EDIT: I'm only 15, so that might affect my healing time. I also was completely sedated, which I HIGHLY suggest. It's really cool how it screws with your memory (I texted my friends the instant I woke up and had entire conversations I don't remember. I'm guessing that might have made it not as bad since I didn't have to experience the surgery. It is probably way more expensive though.
The lidocaine should be wearing off in a bit, but my Tyelnol 3 with codeine will be ready in 15 minutes at the pharmacy.
That was a lot easier than I expected, however I'm sure once the lidocaine wears out, I might be singing a different tune.
The surgery involved cutting into my right femur, and dicing out a 10cm length of bone. The femur was bound back together using a plate and pins, leaving me bedridden for about three weeks (and in a wheelchair for three months). Since I had been seeing my orthopaedic specialist in the province since I was 12, he performed the surgery at the children's hospital. This worked well, because I was the oldest patient by two years, scoring me a double room all to myself. Since the IV pumps had governors in them wired for younger kids, it took four pumps working in concert to provide enough morphine to block out the pain.

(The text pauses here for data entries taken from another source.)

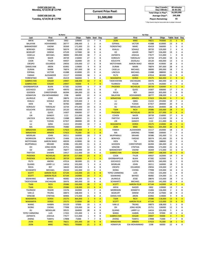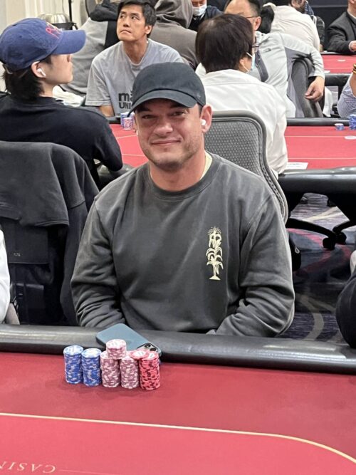 Victor Espinal is also continuing his stellar play this series. Espinal already has a 3rd place finish and a five way chop in the Mini Mega Millions under his belt, and he’s set himself up for another deep run here with a stack of 610,000.
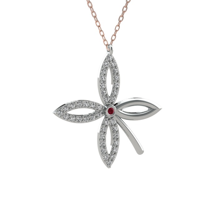 Kök yakut ve swarovski 925 ayar gümüş kolye (40 cm rose altın rolo zincir)
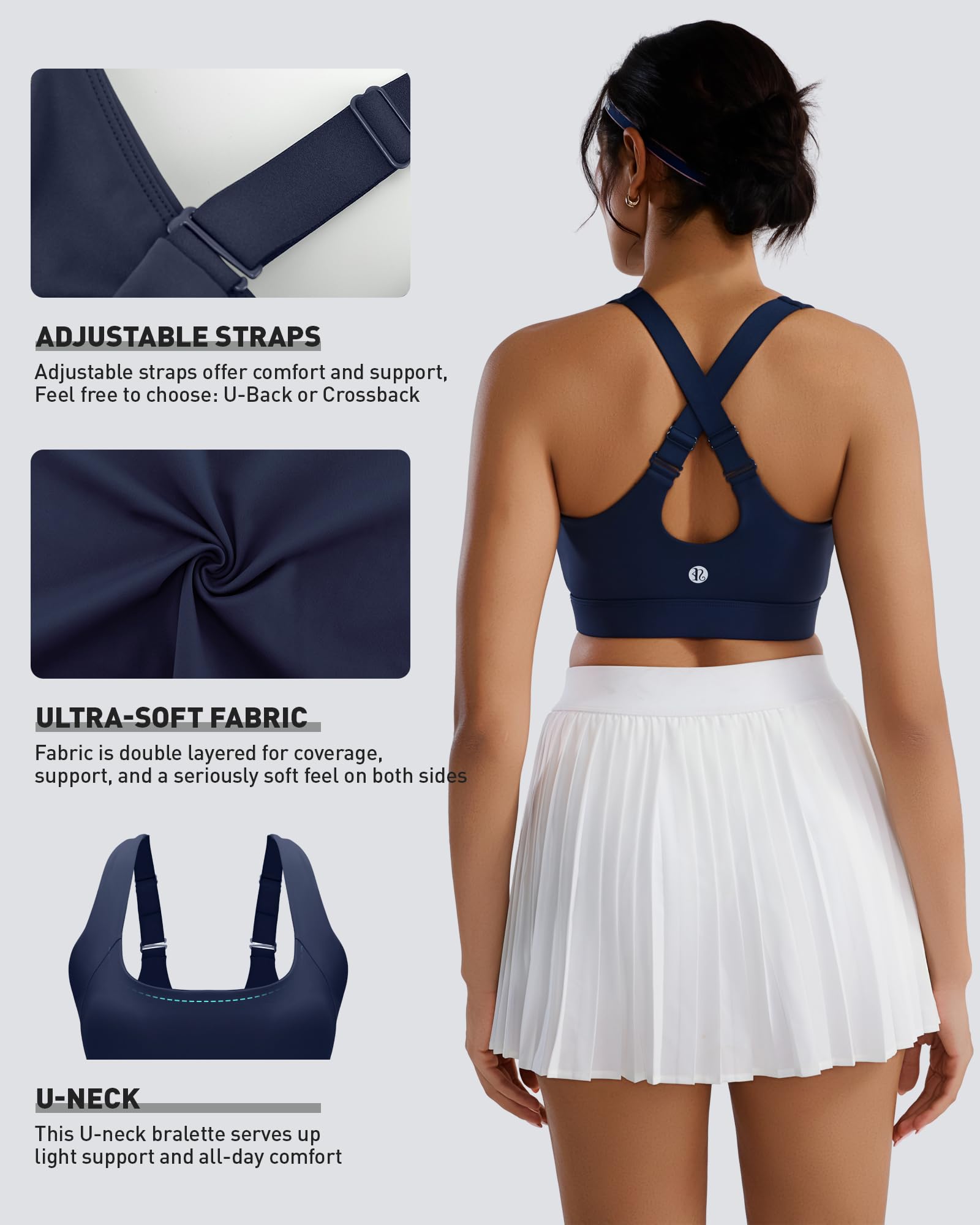 ✅ 【SWEAT OUT IN STYLE! 】: Made from a flexible four-way stretch fabric that supports your body as you move. Enjoy the freedom of movement as the open back styles aim to keep you comfy and cool while you bring on the heat! Running sports bras for women with wide waist band for that support we all need!
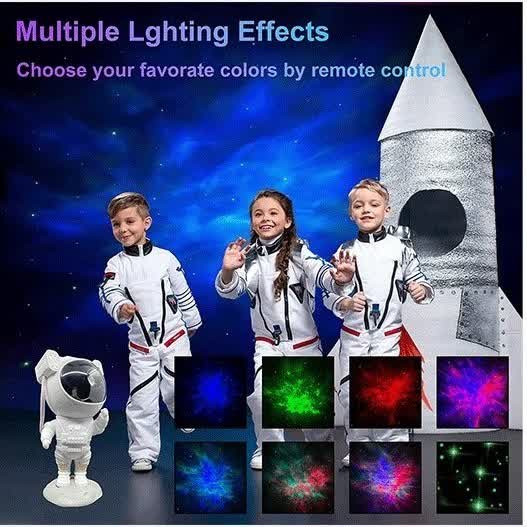 پروژکتور سحابی فضانورد اورجینال نمایش تمام مشخصات: ✅️نوع محصول: رقص نور کهکشانی 7رنگ ✅️ابعاد: 98*117*195 میلی متر ✅️جنس بدنه: پلاستیک ABS ✅️کلید فیزیکی: دارد ✅لیزر: دارد ✅️استاندارد: CE / FCC / RoHS ✅️اقلام همراه: کابل شارژ و دفترچه ✅️تامین انرژی: برق مستقیم 5V ✅طرح ماه و کهکشان: دارد ✅️ریموت کنترل: دارد ✅️محدوده فرکانس ورودی: 50 الی 60 هرتز ✅️شدت جریان ورودی: 1 آمپر در 5 ولت چراغ خواب کهکشانی طرح فضانورد یک چراغ خواب یا نورپردازی با قابلیت پخش افکت تصویر زنده کهکشانی در رنگ های مختلف به همراه لیزر ستاره ای بر روی سقف و دیوار اتاق یا هر سطح دیگری است که به همراه افکت لیزر ستاره ای حس یک سفر کهکشانی را قبل از خواب به شما میدهد . تلفیق همزمان تصویر زنده کهکشانی و لیزر ستاره جذابیت اتاق خواب و خواب شما را چندین برابر میکند . این محصول دارای ریموت کنترل نیز می باشد که میتواند نور پرژکتور یا لیزر را کم یا زیاد و یا برای روشن ماندن محصول تایمر تعریف کنید که سر ساعت مشخص شده محصول خاموش بشود .

This resulted in a lot of great one-liners to nurses, like "On a scale of one to me, how drugged up is ten?" Six months of physio, and I was back to playing DDR again.
A year later, I wanted to rejoin the rugby team. The plate in my leg created a major risk of shearing my femur should I be tackled hard enough, so out it came. I wound up with a post-op infection, which resulted in a night in the ER, and two days in the ICU with hourly bloodwork to make sure that the staph infection was subsiding (and not eating my brain). In the panic to get at my leg, I wound up having a sizable portion of muscle removed from around my right femur, which makes for a hell of a scar.
The best part of all of this came a month later, when I was finishing the last of my physio from the plate removal. My friends and I were at the local theatre, spending our minimum wage earnings in the arcade. I was still on crutches, although they really weren't necessary. Two punk kids were strutting their stuff on the DDR machine, showboating with their rad skills on light and talking smack to a bunch of kids who'd just played beginner. Not one to let them get away with this, my friend and I took the pad. Casting aside the crutch, we hammered out Can't Stop Falling in Love Speed Mix. The looks on the faces in the room were priceless as I picked my crutches back up, gave the rest of our round to the beginner kids, and hobbled away.